Mountain States

Colorado Activist Group Misleads Task Force with Denial of Anti-Energy Agenda

The San Juan Citizens Alliance denies being an “anti-energy” group. But in this 2010 video, the group called its campaign against the oil and gas industry a “street fight,” endorsed “bans on drilling,” and urged other activist groups to “put up as many obstacles … to make it as difficult as possible to develop” oil and gas.

An activist organization based in Western Colorado has joined the growing list of fringe environmental groups trying to mislead the state’s new oil and gas task force.

This time, in public testimony to the task force, the San Juan Citizens Alliance (SJCA) portrayed itself as a moderate environmental group that wants tighter regulations – not bans – on oil and gas development. The SJCA went further and specifically denied being an “anti-energy” group.

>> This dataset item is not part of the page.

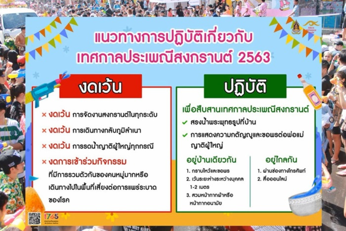 13 เมษายน 2563 08:34 น. สยามรัฐออนไลน์ วัฒนธรรม ช่วงแพร่ระบาดเชื้อไวรัสโควิด-19 ภาครัฐได้ออกข้อ “งดเว้น” และ “สืบสาน” แนวทางการปฏิบัติเทศกาลประเพณีสงกรานต์ 2563 ตามคำอธิบายรูปภาพอินโฟกราฟิกกระทรวงวัฒนธรรม นี้เลยค่ะ
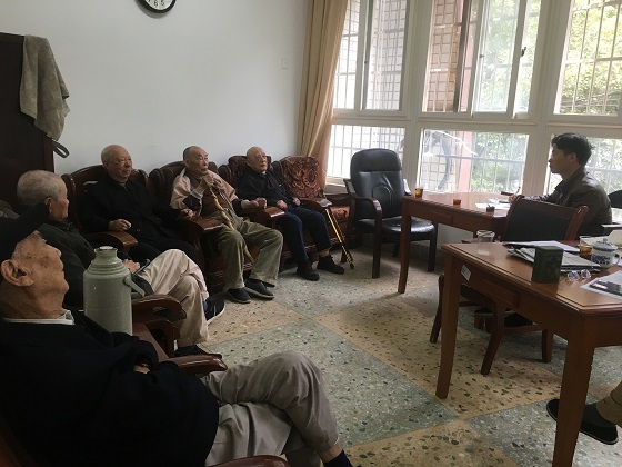 10月22日上午,永利官网离休干部“不忘初心、牢记使命”主题教育座谈会在东校区离休活动室召开。离休干部许宝存、钟希尧、谢祖钧、刘光霁、郭斮非,离退休中心党委书记刘朝辉、副主任徐亮参加了会议。

But this is completely untrue. The SJCA actively supports drilling bans and has even called the campaign against the oil and gas industry a “bar fight,” “street fight” and “back-alley fight.” The SJCA also works closely with fringe groups such as WildEarth Guardians and Global Community Monitor (GCM), which want to wipe out drilling by banning hydraulic fracturing – a brief but essential step in developing almost every active oil and gas well in the U.S. today. For example, WildEarth Guardians is campaigning for a “frack-free West” while GCM says hydraulic fracturing must be banned because “no regulations can make fracking safe.”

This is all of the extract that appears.